Analysis

Ajmal Amani, another veteran killed by police in Bay Area

On Nov. 19, the San Francisco Police Department shot and killed 41 year-old Ajmal Amani as he suffered a severe mental health crisis. The brief but deadly interaction with Amani included multiple moments of police simply shouting at Amani while using the wrong name.

That morning, workers at the Covered Wagon Hotel, a transitional housing project in the city’s SoMa neighborhood, called 911, reporting that one of the tenants was threatening them with a knife. Minutes later, another call came in, this time from a case worker, identifying Amani, informing the 911 dispatcher that he was “having a really bad episode,” and saying she was on her way to the scene.

Despite the case worker’s call, when the dispatcher began to relay this information to the responding officers, she was cut off by the officers.

The body camera footage shows no attempts to de-escalate or render any psychiatric services.

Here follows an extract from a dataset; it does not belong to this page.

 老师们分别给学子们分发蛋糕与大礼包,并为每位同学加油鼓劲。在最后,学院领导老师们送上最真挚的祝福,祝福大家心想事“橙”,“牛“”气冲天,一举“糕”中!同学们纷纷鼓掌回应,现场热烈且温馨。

Instead, officers John Quinlan and Danny de Leon Garcia waited in the main hallway as Amani shouted from his room and rounded the corner of the hall.

The officers shot Amani multiple times, one with beanbags and the other with live rounds, hitting him twice. Then they stood back as he groaned and bled out on the ground. Even after he was down and clearly wounded, they continued to yell, “Get down and show your hands!” and waited for other officers to bring in a shield before approaching Amani to attempt any sort of medical aid. A few minutes after the shooting, Quinlan can be seen and heard on video, calming Garcia down – “I’m okay, you’re all good” – and fist-bumping him.

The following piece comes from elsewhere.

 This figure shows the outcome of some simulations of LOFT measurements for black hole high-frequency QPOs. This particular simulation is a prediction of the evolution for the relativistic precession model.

All this was shown during an SFPD-hosted virtual town hall, where police, under the guise of “objectivity” and “inconclusive facts” present their account after every police shooting. During the meeting, SFPD Chief Bill Scott issued repeated reminders for attendees to take care of their mental health and seek support if any part of the police’s presentation caused them distress. This consideration was, of course, not extended to Ajmal Amani in the midst of his crisis, a fact some callers offering public comment pointed out.

Scott responded by boasting of the department’s new training for crisis de-escalation, training that he claimed was showing “great outcomes.” The streets of San Francisco reflect a different reality, with officers routinely displaying aggression toward people in mental distress, many of whom are homeless or living in supportive housing as Amani was. Nearly a quarter of police killings in the U.S. involve a victim with serious mental illness.

Ajmal Amani shared a similar story with many veterans

Amani served as an interpreter for the U.S. Navy in Afghanistan, his home country. When he arrived in the U.S. on a visa in 2014, he was suffering from severe PTSD and had had previous encounters with law enforcement. He completed a mental health diversion program earlier this year, but friends and family noticed his health began to decline again after the Afghan government collapsed in August. A relative interviewed by the San Francisco Chronicle stated: “He was mentally sick because of the U.S. Army.”

The story of who Ajmal Amani was, and how his life was shattered and ultimately ended by both the U.S.’ imperialist exploits in Afghanistan and police violence in San Francisco, has been lost in the city and police union’s loud rhetoric about how police reform in the wake of the 2020 uprising against racism is permitting a new wave of crime. Mayor London Breed’s plan to increase funding and hire more police in the coming months will inevitably harm more people like Ajmal Amani and Angelo Quinto, another Navy veteran who was killed by Antioch, Calif., police in a similar manner as George Floyd on Dec. 23 of last year.